# Wisconsin Plants



## Abshere (Nov 18, 2010)

I am starting a 75g rbp tank with 4 babies. I am hoping that someone has some plant clippings they could send me. I am Marshfiel, WI. Hoping to have a medium/heavy planted tank for my rbs to be happy in.


----------



## Gaijin987 (Nov 14, 2006)

I have a ton of Dwarf sag in my tanks... the next time I trim them back I'll save them for you if you want. I'm in Eau Claire, so not too far from you. I usually just throw the stuff away so you can have it for free.


----------



## I Can Mate (Apr 8, 2010)

Glad to see wisconsin folks here.
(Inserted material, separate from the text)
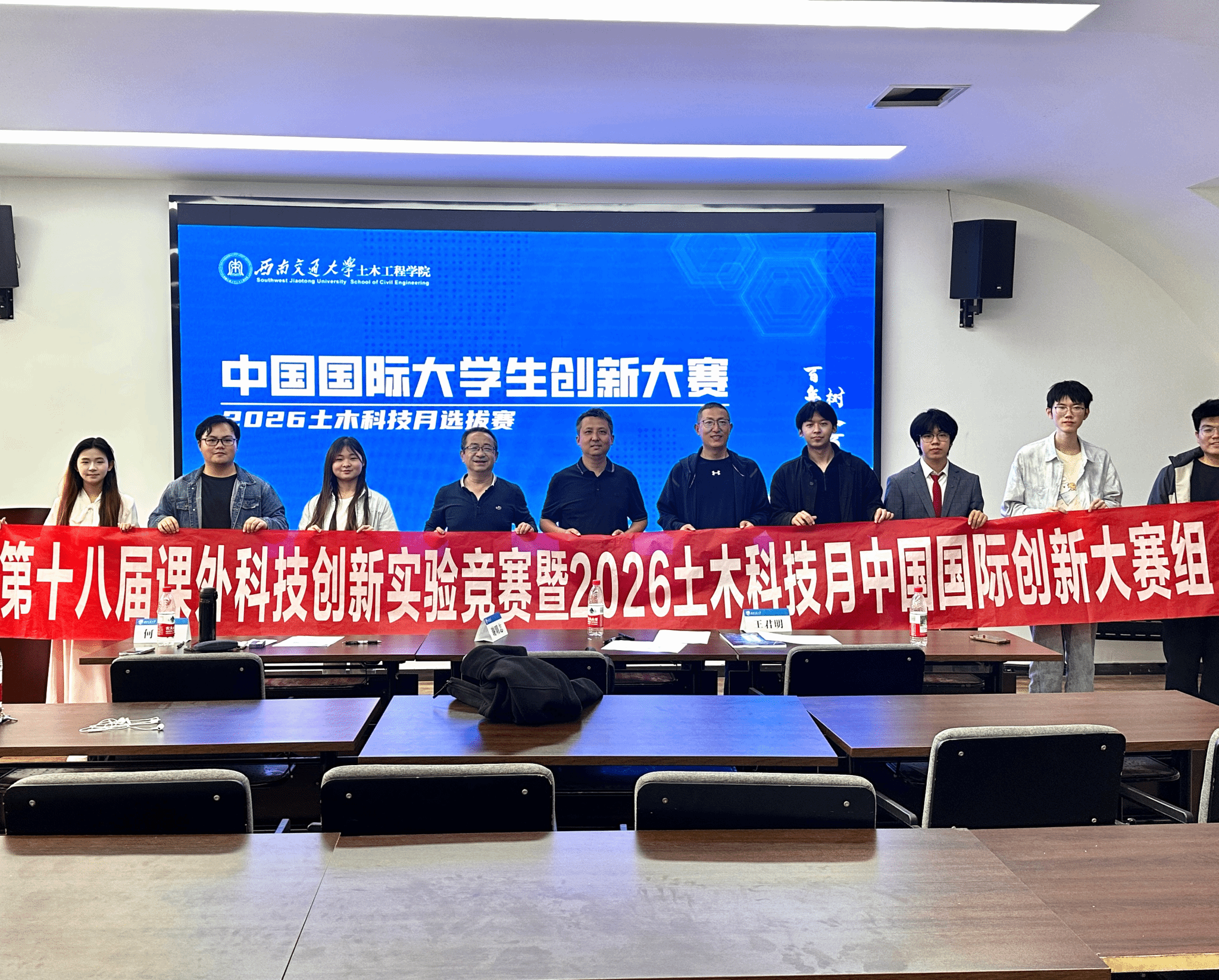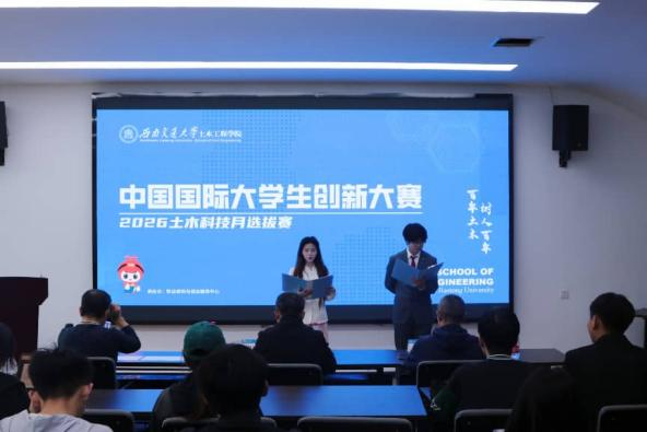 4月12日下午2点,第十八届课外科技创新实验竞赛暨2026土木科技月中国国际大学生创新大赛院级选拔赛于犀浦校区X4407教室顺利举行,本次大赛汇聚bat365中文官方网站众多优秀参赛团队,九组参赛队伍精心筹备、同台竞技,全力争夺校级赛事晋级名额。拥有丰富竞赛指导经验的何畏、谢明志、王君明三位评委老师出席本次选拔赛并担任评审工作。

If you ever come by madison let me know  I got crypts like crazy.


----------



## jayyyson (Oct 13, 2010)

wow... so much love in WI... i miss milwaukee (my hometown) too.. haha.. i wish someone in MN would be nice to share their wealth as well


----------



## Abshere (Nov 18, 2010)

Glad that I finally found some people in WI. It took quite a few views before someone replied.


----------



## muskielover1 (Dec 7, 2004)

i live 30 minutes west of milwaukee just off 94.im originally from IL tho.been up here for almost a year.


----------